Breast cancer detection, Ensemble feature selection, Feature fusion, Healthcare AI, Imbalance problem, Interpretable machine learning, Unsupervised LSTM

Abstract

Breast cancer is the most prevalent cancer among women worldwide, requiring early and accurate diagnosis to reduce mortality. This study proposes a hybrid classification pipeline that integrates Hybrid Statistical Feature Selection (HSFS) with unsupervised LSTM-guided feature extraction for breast cancer detection using the Wisconsin Diagnostic Breast Cancer (WDBC) dataset. Initially, 20 features were selected using HSFS based on Mutual Information, Chi-square, and Pearson Correlation. To address class imbalance, the training set was balanced using the Synthetic Minority Over-sampling Technique (SMOTE). Subsequently, an LSTM encoder extracted non-linear latent features from the selected features. A fusion strategy was applied by concatenating the statistical and latent features, followed by re-selection of the top 30 features. The final classification was performed using a Support Vector Machine (SVM) with RBF kernel and evaluated using 5-fold cross-validation and a held-out test set. Experimental results showed that the proposed method achieved an average training accuracy of 98.13%, F1-score of 98.13%, and AUC-ROC of 99.55%. On the held-out test set, the model reached an accuracy of 99.30%, precision of 100%, and F1-score of 99.05%, with an AUC-ROC of 0.9973. The proposed pipeline demonstrates improved generalization and interpretability compared to existing methods such as LightGBM-PSO, DHH-GRU, and ensemble deep networks.

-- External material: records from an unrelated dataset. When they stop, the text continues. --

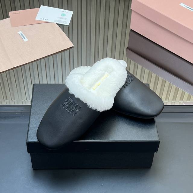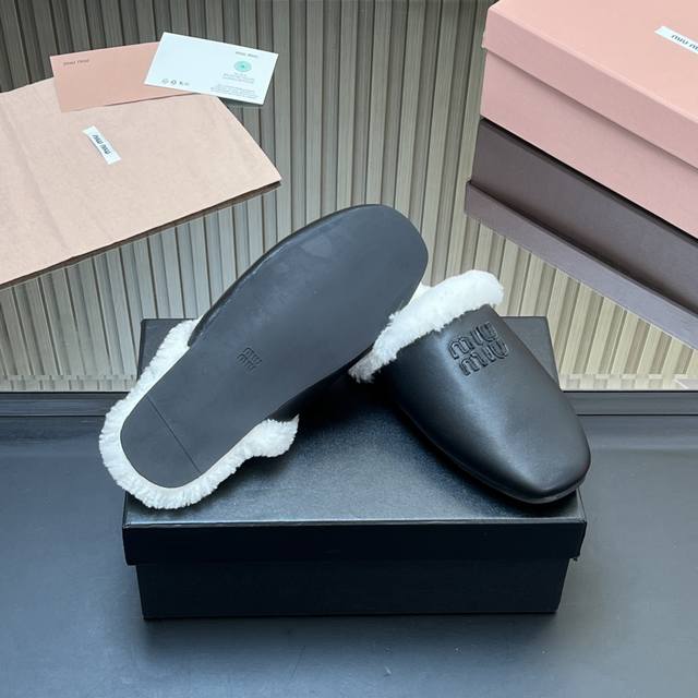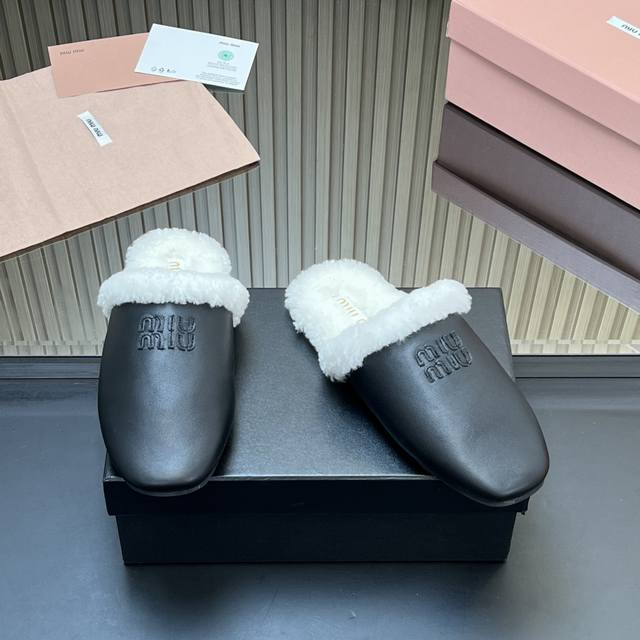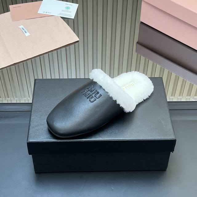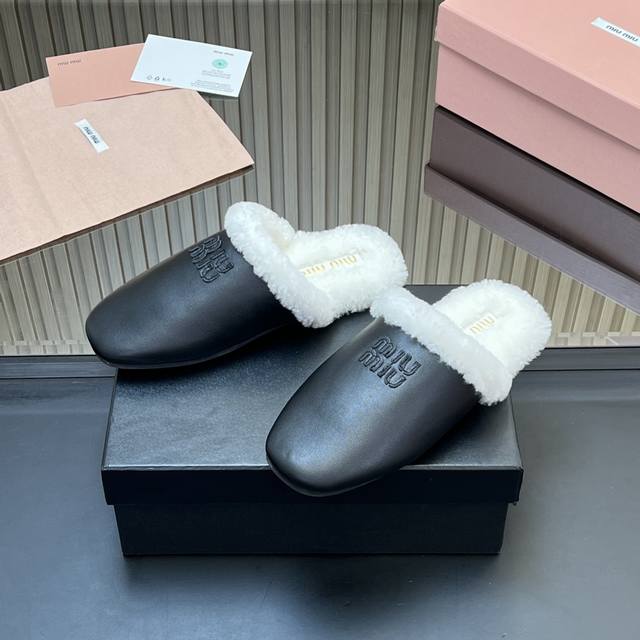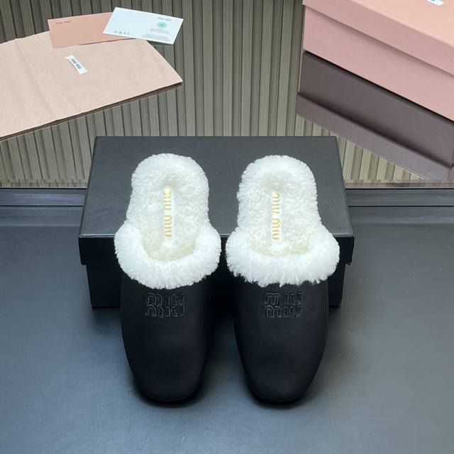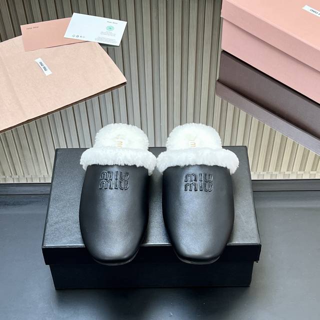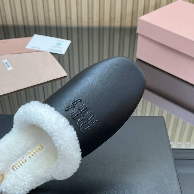 / 出厂价p 所见即所得顶级羊毛内里Miumiu25秋冬新款进口羊毛拖鞋 简约造型,超轻原版开模鞋底,脚感妥妥满分 好穿好搭, 鞋面:羊皮 内里:进口羊毛 Size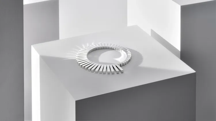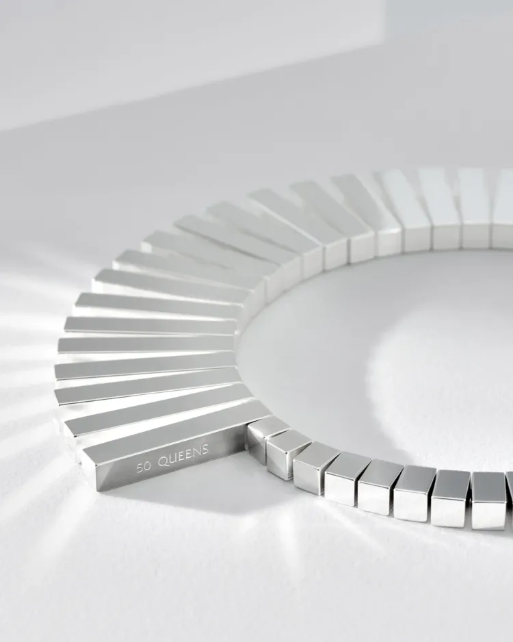 此次纪念活动将持续到今年9月18日,在展览期间,国王新广场被重新命名为“女王广场”(Dronningens Nytorv),BIG工作室还与珠宝公司Georg Jensen合作制作了一条项链送给女王,项链的设计正是50个底座的缩微版,由50个纯银块制成。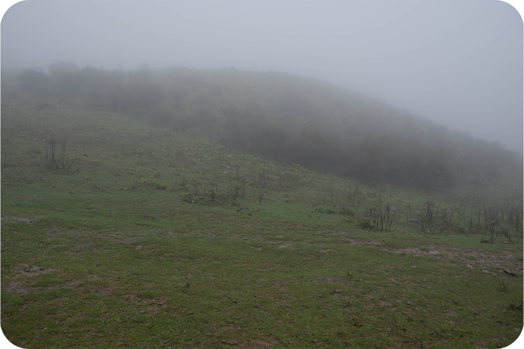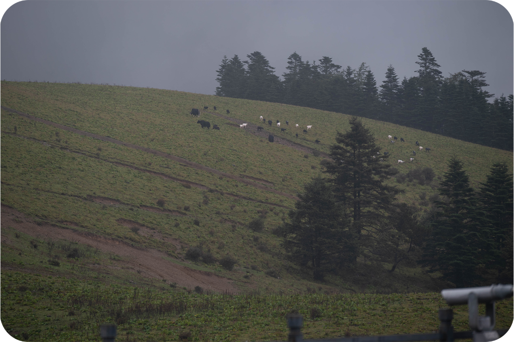一阵风吹过,雾气短暂地散开之后,终于见到了远处草坪上的牛羊。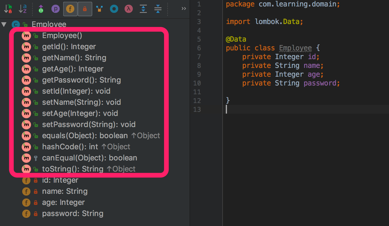 一眼可以观察出来我们在编写 Employee 这个类的时候通过 @Data 注解就已经实现了所有成员变量的 get() 与 set() 方法等,同时 Employee 类看起来更加清晰简洁。Lombok 的神奇之处不止这些,丰富的注解满足了我们开发的多数需求。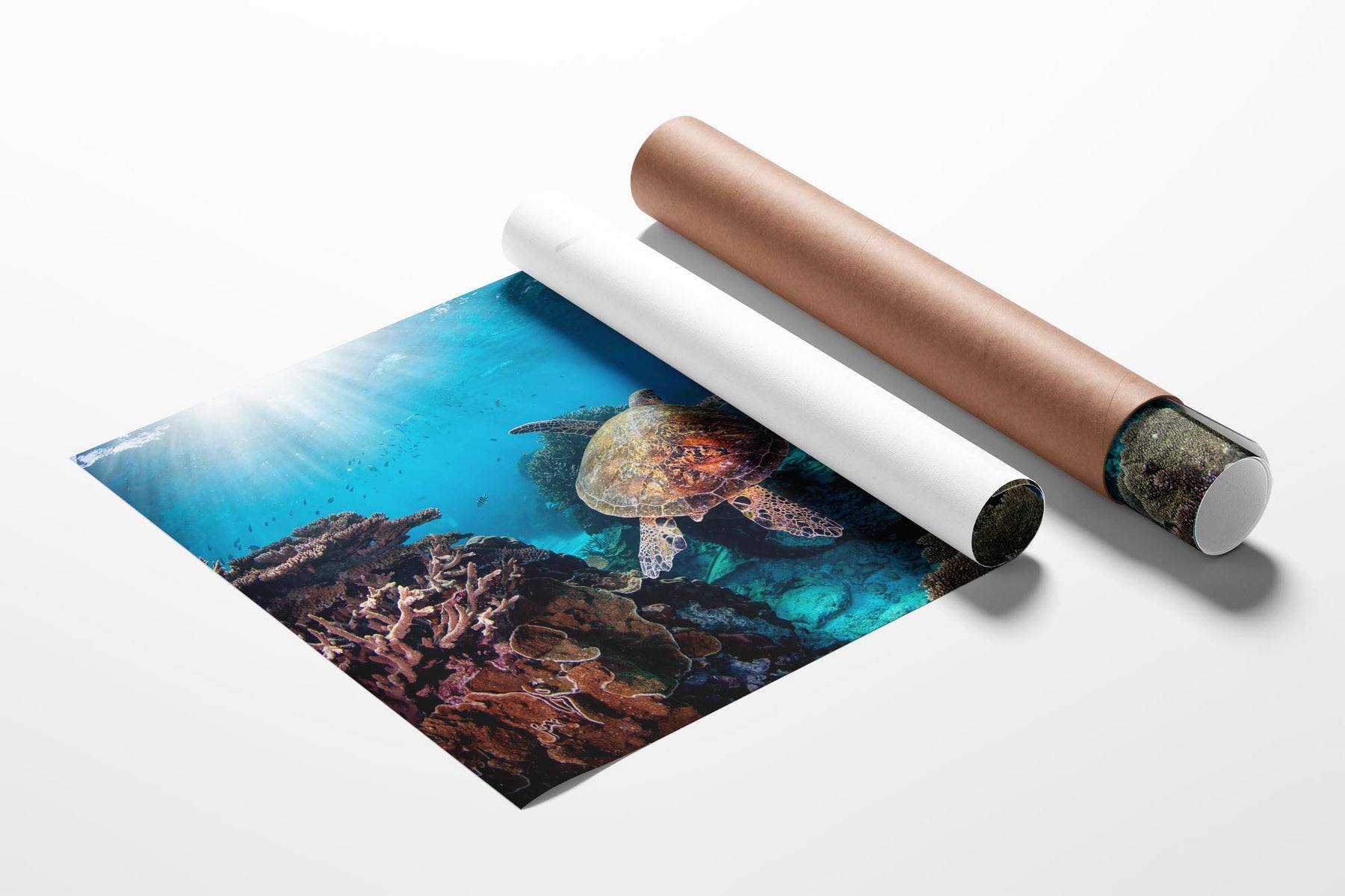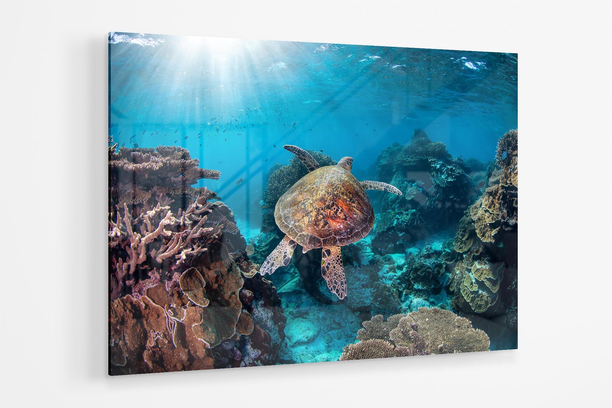 This breathtaking underwater photography print captures a Green Sea Turtle gliding gracefully through vibrant coral gardens on Lady Elliot Island, part of the UNESCO World Heritage-listed Great Barrier Reef. Shafts of afternoon light pierce the crystal-clear waters, illuminating the turtle’s elegant movement and the reef’s kaleidoscopic biodiversity.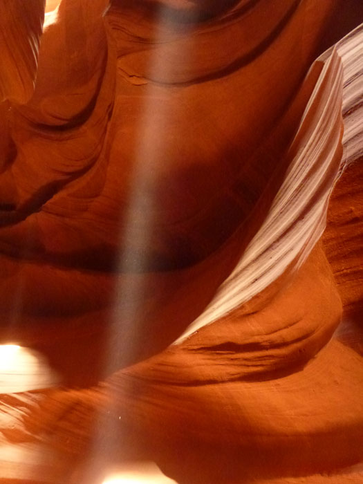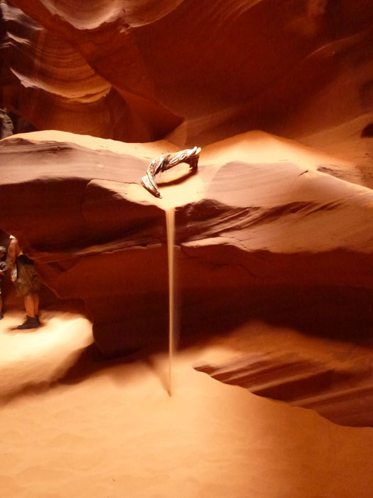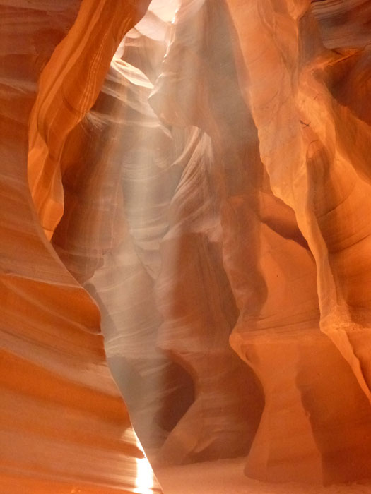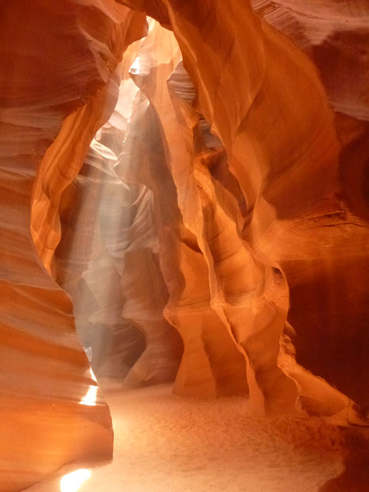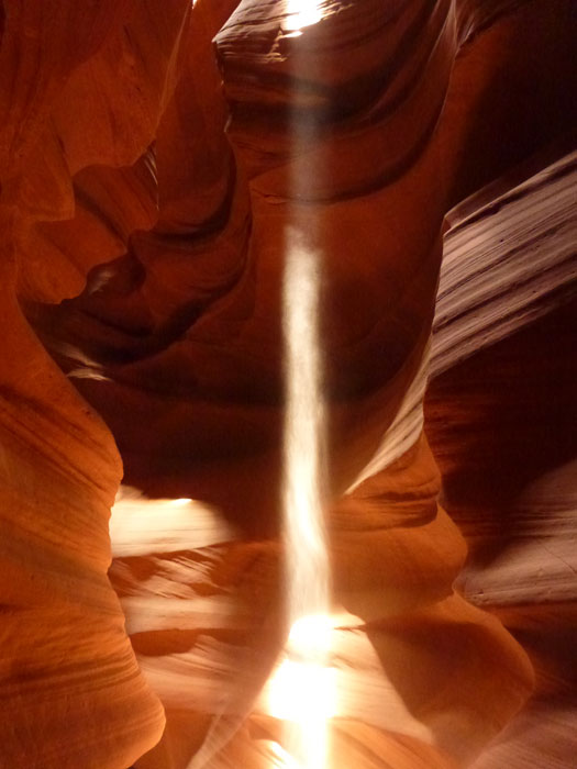 Upper Canyon: Nach dem Besuch vom Lower Canyon, schafften wir, rechzeitig, die Abfahrt der Jeeps zum Eingang des Upper Canyons, mit dem höchsten Sonnenstand um die berühmten Beams zu fotografiern. Der Einstieg im ebenerdigen, sehr engen, höhlenartigen Canyon ist völlig unspektaulär. Nach dem Eingangsbereich ist es zunächst relativ dunkel für Aufnahmen, erst im hintern Bereich öffnen sich einige Spalten in den nun die Sonnenstrahlen auf den Boden des Canyons fallen. Die besagten Beams werden aber nur dann sichtbar wenn die Führer, vom Canyon Rand feinen Sand herabrieseln lassen oder diesen im inneren des Canyon in den Sonnenstrahl streuen. Einige Fotos sind gelungen, aber dazu ist eher ein Stativ nötig. |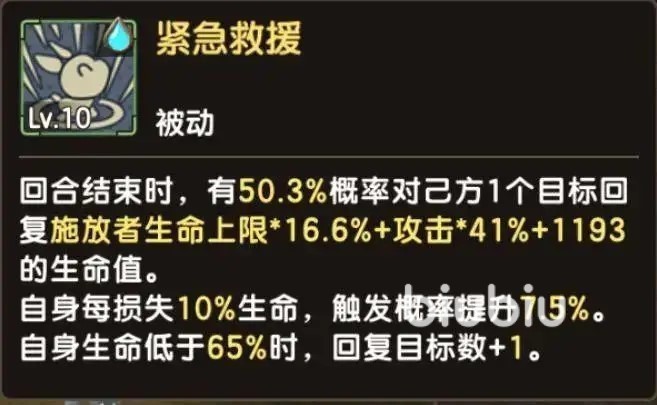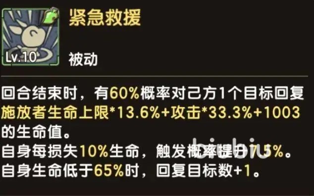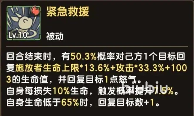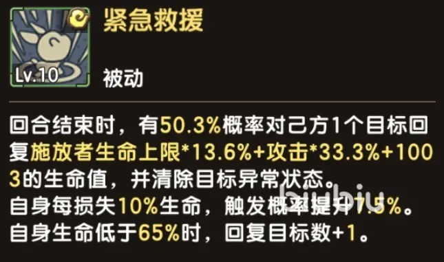 被动技能【紧急救援】,回合结束时可以给1个队友回血,这个技能在对战的时候非常实用,回血基本上能让1个己方宠物回到满血的状态。火属性就是触发恢复生命值和1个怒气值;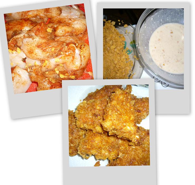 Mięso pokroić na mniejsze kawałki w zależności od tego jak duże lubimy, posypać słodką papryką, pieprzem i sola z obu stron, a następnie maczać w cieście. Pozwolić ciastu spłynąć z nadmiaru i obtoczyć filety w rozkruszonych płatkach.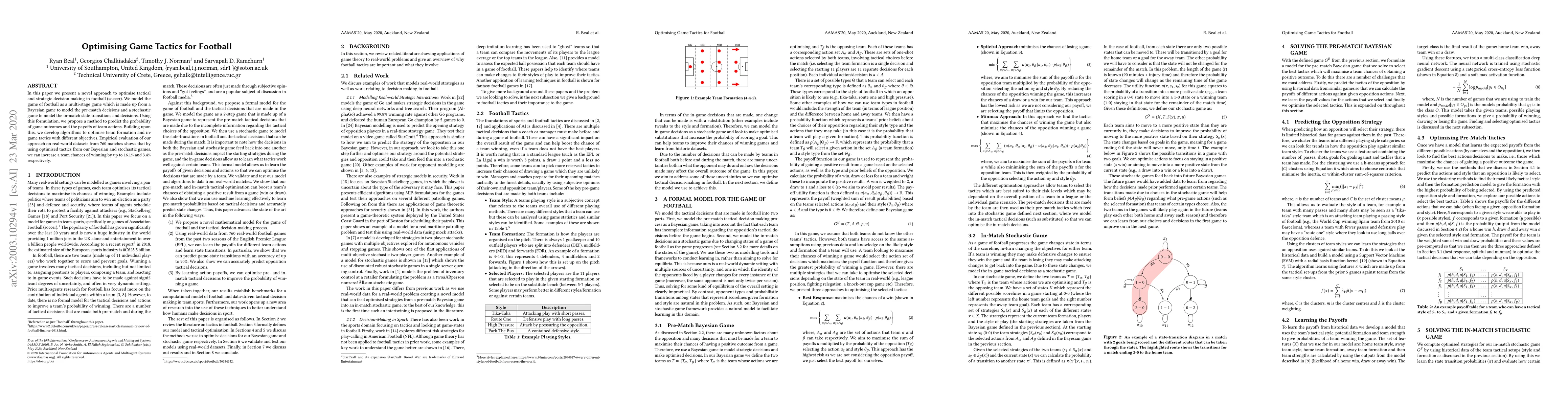 This research uses a Bayesian game theory approach to model football tactics and decision-making.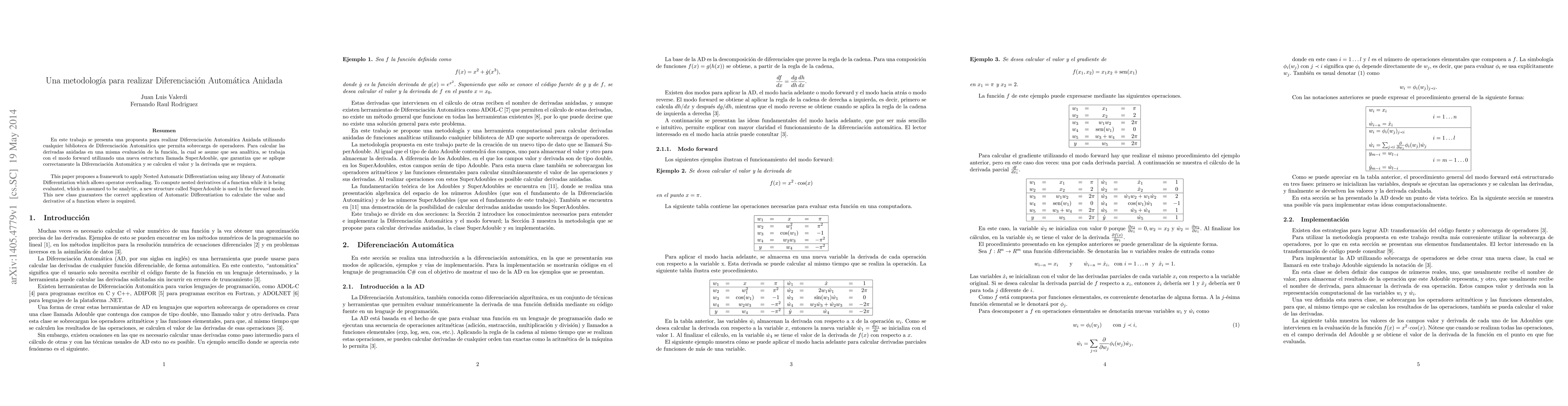En este trabajo se presenta una propuesta para realizar Diferenciaci\'on Autom\'atica Anidada utilizando cualquier biblioteca de Diferenciaci\'on Autom\'atica que permita sobrecarga de operadores. Para calcular las derivadas anidadas en una misma evaluaci\'on de la funci\'on, la cual se asume que sea anal\'itica, se trabaja con el modo forward utilizando una nueva estructura llamada SuperAdouble, que garantiza que se aplique correctamente la Diferenciaci\'on Autom\'atica y se calculen el valor y la derivada que se requiera. This paper proposes a framework to apply Nested Automatic Differentiation using any library of Automatic Differentiation which allows operator overloading. To compute nested derivatives of a function while it is being evaluated, which is assumed to be analytic, a new structure called SuperAdouble is used in the forward mode. This new class guarantees the correct application of Automatic Differentiation to calculate the value and derivative of a function where is required.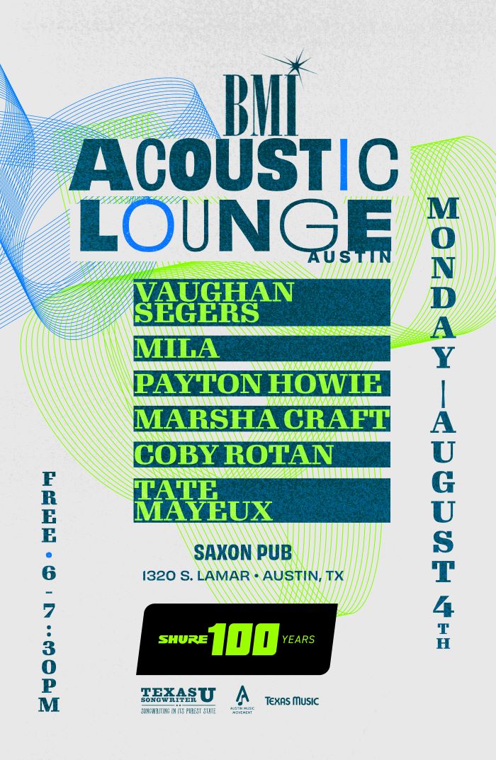 BMI Acoustic Lounge at Saxon Pub (1320 S. Lamar Blvd., Austin, TX), 6:00-7:30 PM. This monthly songwriter series takes place the first Monday of each month.

These results highlight the effectiveness of combining statistical selection and LSTM-based latent feature encoding in a balanced classification framework.

Author Biographies

De Rosal Ignatius Moses Setiadi, Universitas Dian Nuswantoro

Faculty of Computer Science, Universitas Dian Nuswantoro, Semarang 50131, Indonesia

Arnold Adimabua Ojugo, Federal University of Petroleum Resources Effurun

Department of Computer Science, Federal University of Petroleum Resources Effurun, Delta State 330102, Nigeria

Octara Pribadi, STMIK TIME

Department of Informatics Engineering, STMIK TIME, Medan 20212, Indonesia

Etika Kartikadarma , Universitas Dian Nuswantoro

Faculty of Computer Science, Universitas Dian Nuswantoro, Semarang 50131, Indonesia

Bimo Haryo Setyoko, Universitas Islam Negeri Salatiga

Pusat Teknologi Informasi dan Pangkalan Data, Universitas Islam Negeri Salatiga, Salatiga 50716, Indonesia

Suyud Widiono, Universitas Teknologi Yogyakarta

Department of Computer Engineering, Faculty of Science and Technology, Universitas Teknologi Yogyakarta, Yogyakarta 55285

Robet Robet, STMIK TIME

Department of Informatics Engineering, STMIK TIME, Medan 20212, Indonesia

Tabitha Chukwudi Aghaunor, Robert Morris University

Department of Computer Science, School of Data Intelligence and Technology, Robert Morris University, Pittsburgh, PA 15108, United States

Eferhire Valentine Ugbotu, University of Salford

Department of Data Science, College of Science and Engineering, University of Salford, Manchester M5 4WT, United Kingdom

References

D. S. Stamoulis and C. Papachristopoulou, “Artificial Intelligence in Radiology, Emergency, and Remote Healthcare: A Snapshot of Present and Future Applications,” J. Futur. Artif. Intell. Technol., vol. 1, no. 3, pp. 228–234, Oct. 2024, doi: 10.62411/faith.3048-3719-38.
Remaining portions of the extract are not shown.